El jefe de Gabinete, Manuel Adorni, rompió el silencio y salió a defender la presencia de su esposa, Bettina Angeletti, en el avión presidencial durante la gira oficial por Estados Unidos. Tras las críticas de la oposición y un pedido de informes en el Congreso, el funcionario explicó en declaraciones televisivas que su mujer lo acompañó por un deseo personal y que todos los costos asociados a su estadía fueron cubiertos con fondos particulares.
La controversia se originó cuando se publicó una imagen de Angeletti junto a la comitiva oficial en la tumba del rabino Menachem Mendel Schneerson, en Queens, en el marco de las actividades de la "Argentina Week". La fotografía encendió las alarmas en la oposición y motivó un pedido de explicaciones por parte del diputado socialista Esteban Paulón, quien solicitó precisiones sobre si la esposa del funcionario viajó a bordo del ARG-01, quién financió el traslado y qué función cumplió en la agenda oficial.
Un pasaje comprado con anticipación
En diálogo con el canal A24, Adorni reveló que Angeletti abordó el avión presidencial desde el inicio del viaje en Buenos Aires y detalló las circunstancias que llevaron a esa decisión. Según su relato, su esposa ya tenía planeado viajar a Nueva York por motivos particulares y había adquirido un pasaje para el 26 de febrero, con un costo de 5348 dólares.

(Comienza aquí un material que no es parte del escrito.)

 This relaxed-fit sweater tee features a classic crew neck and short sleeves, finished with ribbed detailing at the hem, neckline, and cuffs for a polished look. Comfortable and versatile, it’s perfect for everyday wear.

No obstante, una modificación en la agenda oficial alteró los planes originales. "De Nueva York yo pasaba por Miami y quería que me acompañara", explicó el jefe de Gabinete, y añadió que desde Presidencia "la invitaron" a sumarse a la comitiva "porque no había otra forma". Adorni subrayó que se trató de una cuestión personal ante una semana laboral que describió como extenuante: "Vengo una semana a deslomarme a Nueva York, quería que me acompañe".
"Ni un peso del Estado"
Frente a las sospechas de un posible desvío de fondos públicos, Adorni salió al cruce con argumentos contundentes. El funcionario aseguró que la inclusión de su esposa en la comitiva no generó ningún gasto extra para las arcas estatales. Precisó que Angeletti ya tenía abonado su pasaje de ida y que también se hará cargo de los costos de regreso, además de sus propios viáticos, comidas y traslados durante la permanencia en territorio estadounidense.

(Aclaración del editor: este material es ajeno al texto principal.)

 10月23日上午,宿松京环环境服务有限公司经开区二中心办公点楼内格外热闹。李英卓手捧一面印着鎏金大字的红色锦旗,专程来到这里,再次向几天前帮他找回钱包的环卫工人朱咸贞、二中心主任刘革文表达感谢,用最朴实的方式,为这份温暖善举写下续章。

El jefe de Gabinete fue más allá y afirmó que incluso sus propios gastos personales vinculados al viaje corren por cuenta propia. "Ni siquiera la mía la paga el Estado", sentenció, en un intento por disipar cualquier cuestionamiento sobre el uso de recursos públicos. "No le sacamos un peso al Estado", reiteró con énfasis.
Al ser consultado sobre el pedido de informes impulsado por la oposición en el Congreso, Adorni restó importancia a la iniciativa y respondió con ironía: "Que haga lo que quiera la oposición". Asimismo, evitó ahondar en cuestiones personales: "Sobre mi vida privada yo no hablo. Siempre son los mismos los denunciadores seriales. Si es algo de mi vida privada que no amerita explicar, no lo voy a explicar".
Mayor poder para Adorni
La polémica por el viaje de su esposa se enmarca en un momento de ascenso de Adorni dentro de la estructura gubernamental. En los últimos días, el Ejecutivo decidió ampliar sus facultades al exigir su firma para todas las erogaciones de partidas presupuestarias del Estado, incluida la aprobación de los Aportes del Tesoro Nacional (ATN).
De acuerdo con fuentes oficiales, la medida apunta a fortalecer el control del jefe de Gabinete sobre la gestión, funcionando como un filtro de validación política para cada desembolso. Los ATN, en particular, representan un fondo discrecional de alto valor estratégico en la relación entre la Nación y las provincias, ya que están destinados a cubrir emergencias y desequilibrios financieros, lo que los convierte en una herramienta sensible en la negociación con los gobernadores.
Una reforma reciente en viajes oficiales
El episodio cobra especial relevancia si se considera que, hace menos de diez días, la propia Jefatura de Gabinete impulsó una modificación en el régimen de viajes oficiales al exterior. La nueva normativa establece que las comitivas se limitarán a un máximo de un funcionario por evento internacional y restringe el uso de pasajes en clase ejecutiva a un selecto grupo de altas autoridades.
El texto oficial sostiene que la reforma busca agilizar los circuitos administrativos, disminuir cargas operativas y mejorar la eficiencia en el uso de los recursos estatales. En caso de que se necesite incluir más integrantes en una comitiva, la autoridad solicitante deberá justificar de manera explícita la presencia de cada miembro adicional, un requisito que adquiere especial significado a la luz del reciente viaje del jefe de Gabinete y su esposa.